§ **Goal of the exercise**
Nothing outside the range is to be copied. From the entries below, reproduce exactly the lines starting at the one with "Al cumplirse 33" and ending at the one with "Meliha Okur’un Sabah", without pictures.

§ **Data extracted from a collection**
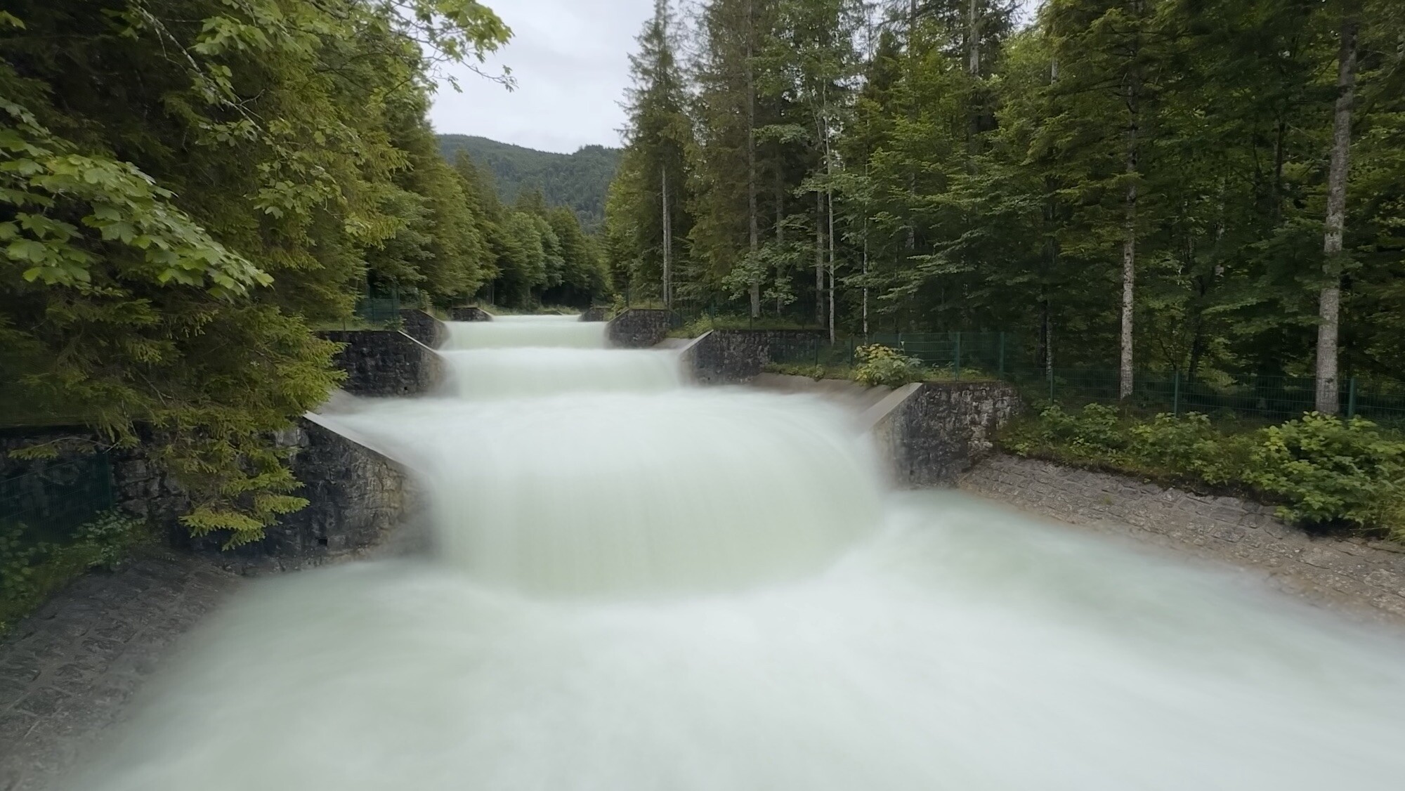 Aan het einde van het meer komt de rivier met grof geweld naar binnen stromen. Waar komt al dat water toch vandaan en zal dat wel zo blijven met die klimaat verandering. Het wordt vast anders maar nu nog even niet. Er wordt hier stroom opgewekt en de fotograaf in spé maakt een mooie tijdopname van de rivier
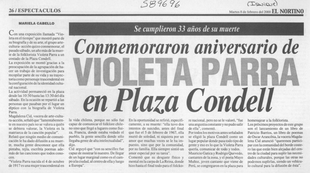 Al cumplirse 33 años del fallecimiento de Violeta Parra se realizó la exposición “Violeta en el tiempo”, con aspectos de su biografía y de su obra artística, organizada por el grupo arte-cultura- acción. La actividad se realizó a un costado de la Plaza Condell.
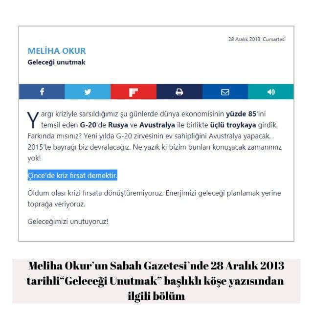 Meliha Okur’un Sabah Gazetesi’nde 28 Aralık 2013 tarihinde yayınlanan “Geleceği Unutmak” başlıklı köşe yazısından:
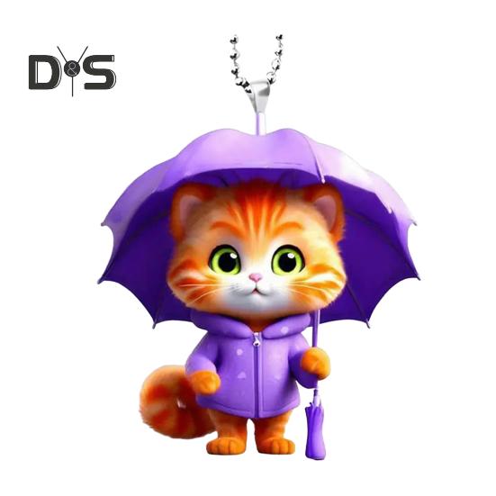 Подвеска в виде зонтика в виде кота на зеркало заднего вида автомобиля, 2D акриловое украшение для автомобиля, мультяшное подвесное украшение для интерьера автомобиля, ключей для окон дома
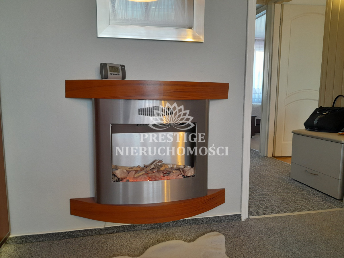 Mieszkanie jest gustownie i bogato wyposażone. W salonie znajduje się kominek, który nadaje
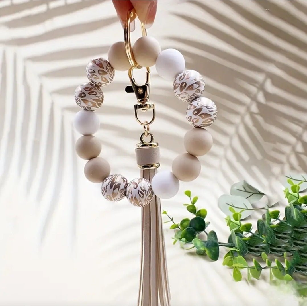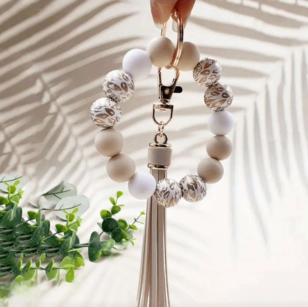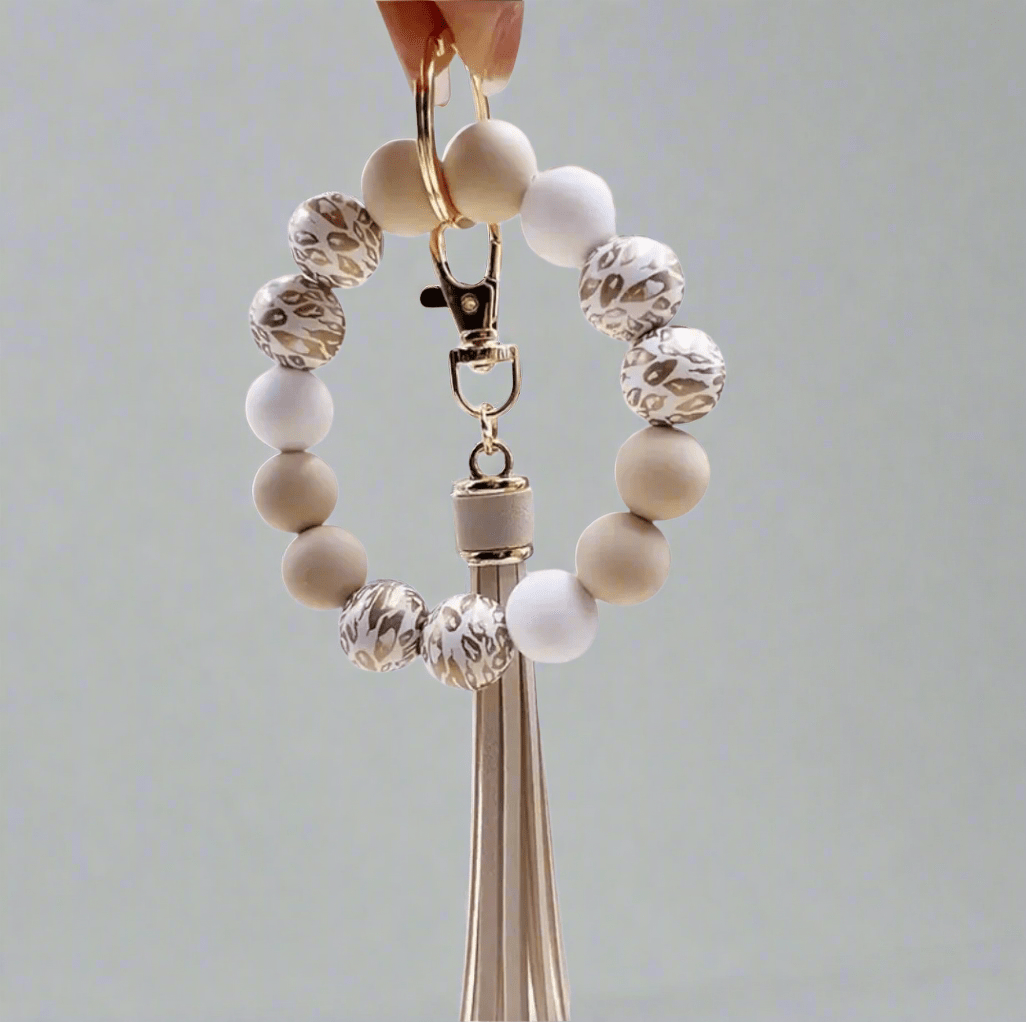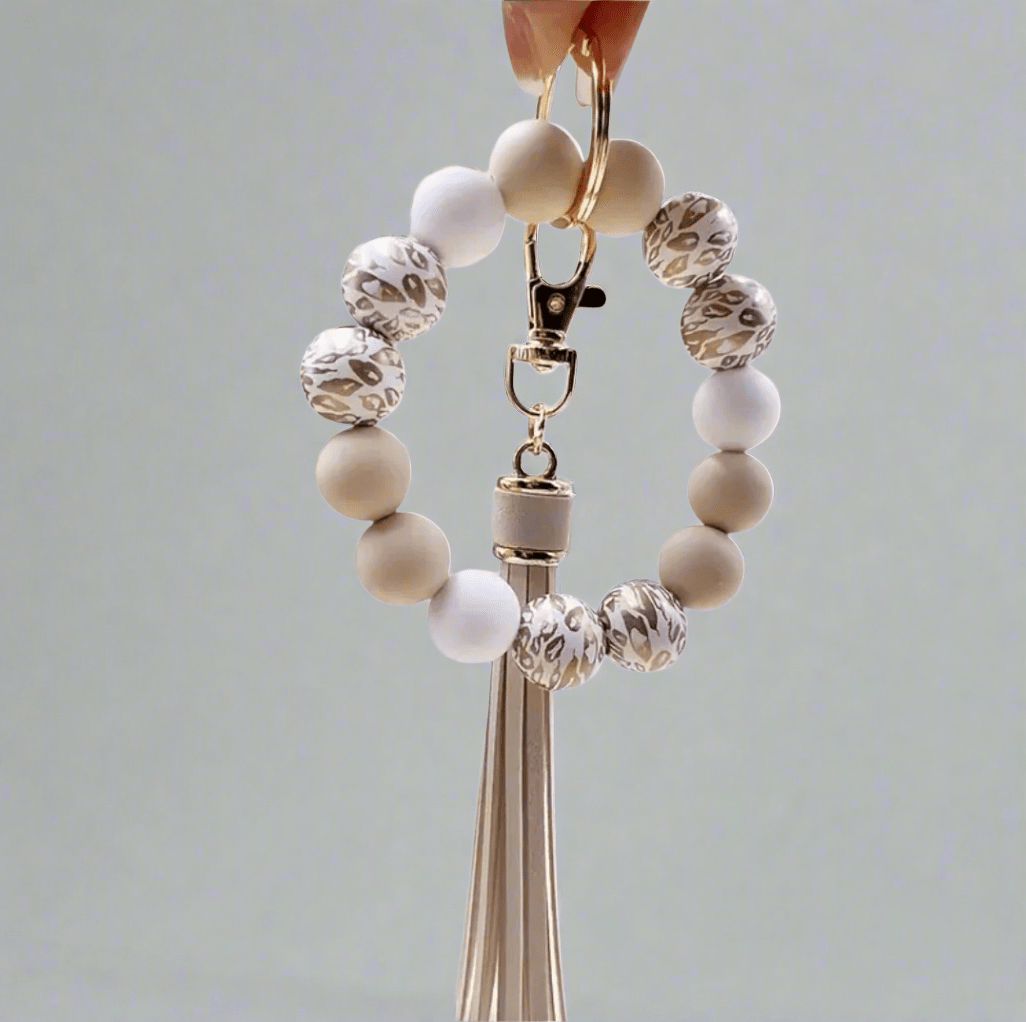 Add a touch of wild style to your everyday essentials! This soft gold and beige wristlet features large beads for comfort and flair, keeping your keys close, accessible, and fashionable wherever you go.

§ **Result for this exercise**
 Al cumplirse 33 años del fallecimiento de Violeta Parra se realizó la exposición “Violeta en el tiempo”, con aspectos de su biografía y de su obra artística, organizada por el grupo arte-cultura- acción. La actividad se realizó a un costado de la Plaza Condell.
 Meliha Okur’un Sabah Gazetesi’nde 28 Aralık 2013 tarihinde yayınlanan “Geleceği Unutmak” başlıklı köşe yazısından:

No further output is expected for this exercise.